Here’s roughly what the front matter looks like, lifted from the official DESIGN.md specification on GitHub:

yaml

---
version: alpha
name: Heritage
colors:
  primary: "#1A1C1E"
  tertiary: "#B8422E"
  neutral: "#F7F5F2"
typography:
  h1:
    fontFamily: Public Sans
    fontSize: 48px
    fontWeight: 600
    lineHeight: 1.1
rounded:
  sm: 4px
spacing:
  sm: 8px
  md: 16px
---

Below that, ## Overview, ## Colors, ## Typography in plain markdown. Section order is fixed — Overview, Colors, Typography, Layout, Elevation & Depth, Shapes, Components, Do’s and Don’ts. Sections can be skipped, but the ones present have to appear in that order. Duplicate section headings are an error and reject the file.
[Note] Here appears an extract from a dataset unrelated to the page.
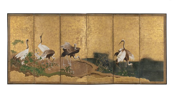 Paravento a sei ante decorato con gru su fondo oro e vegetazione (difetti)

The token reference syntax comes from the W3C Design Tokens Format Module — curly-brace paths like {colors.primary}. References must point to primitive values (not groups), except inside the components section where composite references to typography tokens are permitted. Color values are SRGB hex only in the current spec. Display P3 and Oklch — both supported by the W3C DTCG 2025.10 stable spec — are not yet supported by DESIGN.md, which the repo flags openly with its version: alpha marker. Worth knowing if you maintain wide-gamut tokens.

The format ships with a CLI — @google/design.md on npm. npx @google/design.md lint runs seven rules against a parsed file. The two I hit most often: broken-ref (error severity) catches token references that don’t resolve, and contrast-ratio (warning) checks component backgroundColor/textColor pairs against WCAG AA’s 4.5:1 minimum. Three more — missing-primary, orphaned-tokens, and the structural rules — surface issues most teams introduce within a week of editing the file. The CLI also has diff (token-level regressions between versions) and export (Tailwind v3 config, Tailwind v4 @theme CSS, or W3C DTCG JSON).

Why persistent visual context matters for coding agents

The problem is simple. An agent generating UI has no memory of your design system unless you give it something structured to read. You can describe your palette in a prompt, get a button back, then ask for a card and watch the spacing logic reset. The model isn’t bad at writing code. It has no anchor.

design.md is the anchor. Stitch passes it as context on every generation request. Claude Code and Cursor pick it up the same way they pick up CLAUDE.md or AGENTS.md — a file in the repo root the agent reads before answering. Google’s framing in the open-source announcement is that this lets agents “know exactly what a color is for” rather than guessing intent from a prompt.

I tested this on both projects. Procedure: drop a DESIGN.md at the root, regenerate the same five screens I had drifted earlier (landing, pricing, sign-up, dashboard, settings), then count token violations against the front matter. With the file present, Claude Code produced 5/5 screens using the exact primary and tertiary hex values and the declared rounded.sm. Cursor produced 4/5 — the dashboard kept overriding rounded.sm (4px) with rounded.md (8px) on cards, which the DESIGN.md prose hadn’t explicitly forbidden. Adding a “Do’s and Don’ts” line — “card corners use rounded.sm, never rounded.md” — fixed it on the next regen.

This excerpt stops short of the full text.